Berbicara pada konferensi pers bersama dengan Emmanuel Macron dari Prancis, Presiden Joe Biden mengatakan, dia akan terbuka untuk berbicara dengan Vladimir Putin jika pemimpin Rusia memiliki kemauan yang sah dalam negosiasi perdamaian. Untuk saat ini, Biden tidak memiliki rencana menghubungi Putin.
“Saya tidak memiliki rencana segera untuk menghubungi Putin,” kata Biden seperti dilansir dari ABC News, Rabu (7/12).
“(Putin) salah menghitung setiap hal,” katanya.
Baca Juga: Pasukan Putin Disebut Akan Mundur Besar-besaran, Benarkah Rusia Menyerah?
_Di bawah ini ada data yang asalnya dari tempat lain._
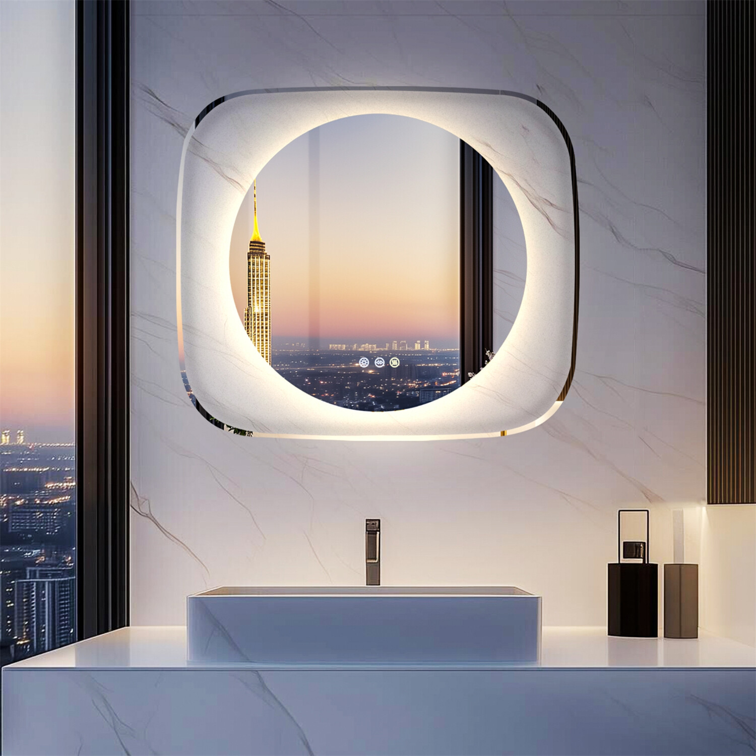 Round Oval Wall Mounted LED Bathroom Mirror with Lights Illuminated Demister Pad

“Jadi, pertanyaannya adalah saya siap jika dia bersedia berbicara untuk mencari tahu apa yang dia bersedia lakukan,” kata Biden.
Namun, ia menegaskan ada syaratnya bicara dengan Putin yaitu dengan berkonsultasi dengan NATO. “Tetapi, saya hanya akan melakukannya dengan berkonsultasi dengan NATO saya. Saya tidak akan melakukannya sendiri,” kata Biden.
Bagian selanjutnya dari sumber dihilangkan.